Negli incontri con il pubblico di solito si dondola tra boutades e risposte al risparmio. L’ultima volta è stata al Bif&st di Bari, dove ha ricevuto il premio alla carriera e dove il direttore di
Positif,
Michel Ciment, in platea sussurrava all’orecchio del vicino: «Pare il remake delle interviste a John Ford, monosillabi in replica a domande sterminate ». Ma nel faccia a faccia, il guardingo Frears si liquefa in affabile lago. Perché questo cambiamento? «In pubblico ho l’impressione che la gente non creda a quel che dico. Perciò mi tengo allo scherzo. Ma, soprattutto, non ho il talento del racconto: sono un artigiano del cinema — anche Fellini lo diceva di sé — non sono capace di spiegare quel che faccio. Chiedetemi film, non discorsi».

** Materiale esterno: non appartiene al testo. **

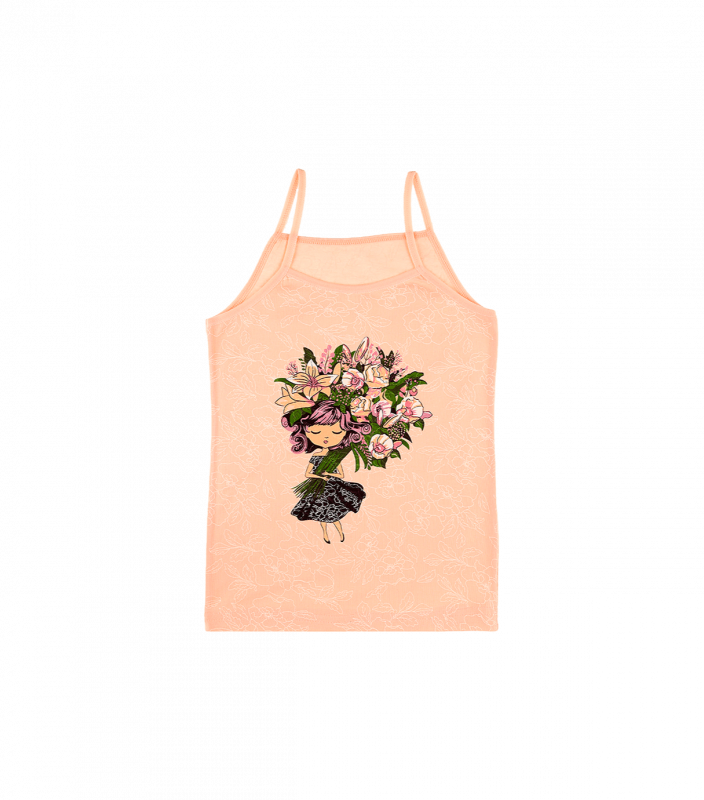 Детская майка для девочки с рисунком Девочки на тонких бретельках.
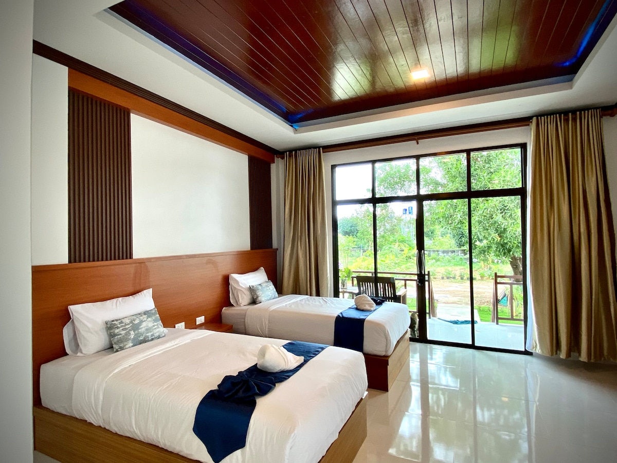 Lanta Sky villa is in a quiet zone WITH private pool and 5 minuts walk to the Klong Khong beach.Close to Restaurant and shops. Both bedrooms have an ensuite and large terrace along the front. Nice garden daybed, sunbed and pool at front yard and private backyard for kids to run around. Suitable for family or group of friends

I film, appunto. Che meraviglia — d’attori, di storie e di “discorsi” — da
My Beautiful Laundrette
a
The Queen,
da
Relazioni pericolose
a
Alta fedeltà,
da
Eroe per caso
a
Rischiose abitudini
e allo straordinario
Lady Henderson
del 2005, dove sfolgora l’ineguagliabile Judi Dench, quattro volte presente nel cinema di Frears: una lunga festa di premi, da Cannes a Venezia, agli Oscar, e un invidiabile
tapis rouge
d’interpreti, da Daniel Day-Lewis (ai suoi esordi, nel 1985) a John Malkovich, a Glenn Close, Michelle Pfeiffer, Uma Thurman, Dustin Hoffman, Helen Mirren, Anjelica Huston, Kathy Bates, Julia Roberts, Gary Oldman... «
My Beautiful
Laundrette
è una tappa cruciale della mia vita, non solo professionale. Un po’ com’era stato, nel 1957, il London Film Festival che a me sedicenne aveva spalancato un mondo nuovo: il cinema europeo, soprattutto italiano e francese. È stato l’inizio di una passione, per Renoir, la Nouvelle Vague, per quei registi che tutti amiamo: i primi che parlavano della nostra realtà sociale, i maestri del mio cinema e di altri della mia generazione». Perché
My Beautiful Laundrette,
che l’ha lanciata quasi trent’anni fa, se lo sente ancora appiccicato addosso? «Ritrae la brutalità sociale della Gran Bretagna nell’era Thatcher. Anche se, per uno di quei paradossi insondabili che si fan beffe di noi e delle nostre migliori intenzioni, il mio durissimo attacco al thatcherismo s’è ribaltato, grazie al successo del film, in un punto a favore della politica mediatica del primo ministro: ecco la prova d’un prodotto di qualità
e dal sicuro ritorno commerciale». Era stato inizialmente previsto per la sola tv, dove Frears sguazzava negli anni belli della Bbc: «Sì, dopo essere stato assistente di Karel Reisz, vi avevo scodellato nel 1972 il primo titolo,
Sequestro pericoloso.
È stata, per tutti, un’epoca d’oro quella precedente alla Lady di Ferro. Una Gran Bretagna modellata a Paese socialista, con uno Stato protettivo delle produzioni Bbc e di ogni forma di cultura. Ma anche su di noi s’è rovesciata presto l’ossessione del profitto, dei grandi numeri, con tutti i meccanismi del capitalismo: che vita dura, dopo...».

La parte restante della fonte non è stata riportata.